The Moron

CS 152 Final Project

Professor Kubiatowicz

Superscalar, Branch Prediction

John Gibson (cs152-jgibson)

John Truong (cs152-jstruong)

Albert Wang (cs152-albrtaco)

Timothy Wong (cs152-timwong)

17 of 18

Final Project

I.  Abstract

The goal of this project is to construct a working superscalar processor, with branch prediction. The memory module from lab 6 needed to be reworked to properly functioning. This phase we decided to emphasize robustness and functionality (ie, a working processor) rather than speed, so the memory was scaled back to a direct mapped, write through cache.

Although the superscalar architecture itself was straightforward, the primary complication lay in increasing the number of ports in the register file and cache to support 2 pipelines. We introduced “striping” in the cache to handle this situation with relatively few stalls.

II.  Division of Labor

Datapath Enhancement – This part involved updating the datapath to include 2 pipelines, adding additional forwarding logic, and updating the memory / register modules to support dual input/output, when necessary.

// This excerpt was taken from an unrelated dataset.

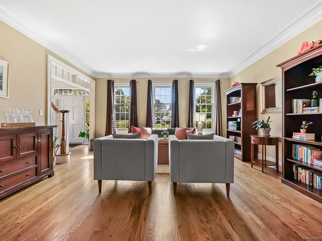 Tucked away on a serene street in the heart of Southport, this 4-bedroom, 4-bath Colonial invites you to experience the perfect balance of elegance, comfort, and privacy. From the moment you arrive, the home's setting feels special - an expansive property framed by mature trees, offering a sense of peace and seclusion. Step inside, and natural light floods the main level, where formal living and dining rooms provide timeless gathering spaces. The bright, gourmet kitchen is the heart of the home, opening to a warm and inviting family room where sliding doors lead seamlessly to the back deck and private backyard - perfect for hosting dinners, quiet morning coffees, or simply watching the seasons change. Upstairs, the primary suite is a true retreat - an expansive private sanctuary featuring two generous walk-in closets, a private sitting area and a spa-inspired full bath designed for relaxation. Three additional bedrooms offer flexibility for family, guests, or a home office, while the finished lower level extends your living space - ideal for a home gym, playroom, or creative studio. All of this, set in one of Fairfield's most sought-after neighborhoods, just moments from Southport Beach, Southport Village, and Pequot Library. This home isn't just a place to live - it's where your Southport story begins.

Initial revision: Albert, John G.

Cache, Striping, Dual Issue – This part involved writing a direct mapped, write-through cache with bursting, striping instructions within the cache, and adapting the cache for reading 2 instructions at once.

Initial revision: John G., Tim

Testing: John G.

Branch Predictor – This part involved writing and

Initial revision: John T.

Testing: John T., Tim

Distributor – This part consisted of a VHDL component that distributes the instructions between the two pipelines based on dependencies and other constraints.

Initial revision: Tim

Testing: Albert

Forwarding/Hazards – This involved updating the forwarding and hazard units to support the two pipelines.

Initial revision: Tim

Testing: Tim, Albert

Integration – Integration primarily involved updating the toplevel modules to support the new modules introduced by superscalar.

Integration: Everybody

Overall Testing – Testing was done on each element that we implemented followed by thorough testing of the datapath after integration of each component, as well as ensuring that it worked on the board correctly.

Testing: Everybody

III.  Detailed Strategy

Sections:

0: Superscalar

1: Stall Arbiter

2: Dual Issue

3: Memory Subsystem

4: Instruction Distribution

5: Forwarding

6: Hazards

7: Branch Prediction

Section 0: Superscalar

superscalar.sch

Because our 5-stage pipelined processor was already working reasonably well, extending it to a superscalar architecture was relatively straightforward. The two pipelines are referred to as the EVEN and ODD pipeline. Alternatively, the control signals distinguish between the two pipelines as Pipeline 1 (EVEN) and 2 (ODD) (this is slightly confusing, however we were able to distinguish the names between ourselves, and decided that going back to change all the names would be tedious and could cause annoying bugs if we were not careful).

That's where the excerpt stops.